Click [Edit] at the top right, then click [Tasks] > [Document].
Drag the [Hive Query] button to the space below Sqoop 1, click Document Search..., select the Hive Query created above, and click the [Add] button.
3. Transfer Hive data to MYSQL with Sqoop
Click [Document] > [Tasks].
Drag the [Sqoop 1] button to the space below Hive.
Please enter the example Sqoop command below.
sqoop export --connect jdbc:mysql://{Cloud DB for MySQL (VPC) Private domain}/{DB name} --username {DB account} --password "{DB account password}" --table SQOOP_TEST2 --export-dir "{Object Storage bucket URI}/sqoop_test2" -m 1 --input-fields-terminated-by "\001"
Click the [Save] button on the upper right corner to save the created Workflow, and then click the [Start] button to execute the created Workflow.

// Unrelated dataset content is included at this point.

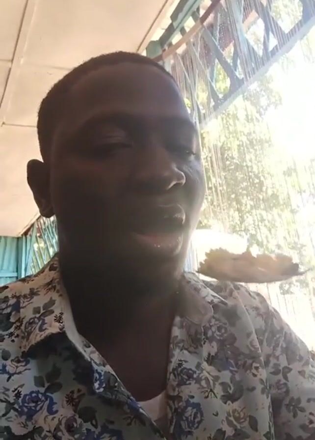 A dark-skinned man wearing a white and blue flowered button-down shirt is recording a selfie video. He is eating something from a spoon. He is indoors under a white ceiling and in front of a window. The background outside the window is bright and blurry with some visible greenery. The man looks directly into the camera. There is noise in the background.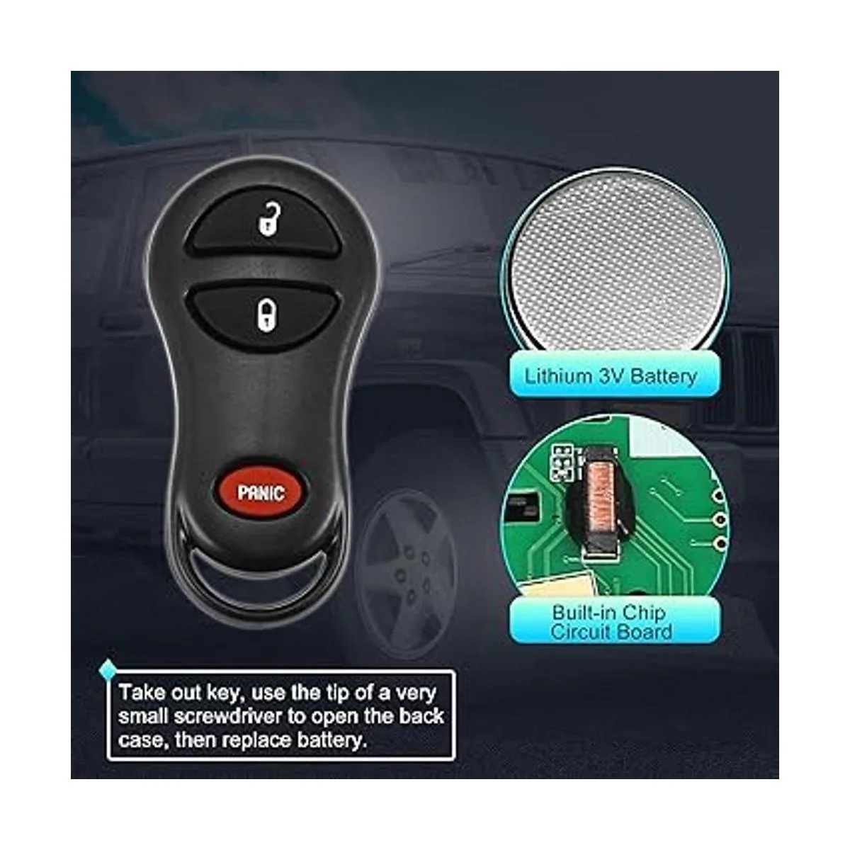 Paquete para llavero de coche: 2 controles remotos de entrada sin llave de coche batería incluida. Tamaño: 2.8 x 1.3 in largo x ancho. Comprueba el número OE/FCC ID y la imagen del producto con el original antes de comprar.

4. Check Hive and MySQL table
- Check if the table is saved properly through Hive.
- For instructions on how to use Hive, see the guide titled Using Hive.
SELECT * FROM SQOOP_TEST1;
SELECT * FROM SQOOP_TEST2;
- Please check if the table is saved properly through MySQL.
SELECT * FROM SQOOP_TEST1;
SELECT * FROM SQOOP_TEST2;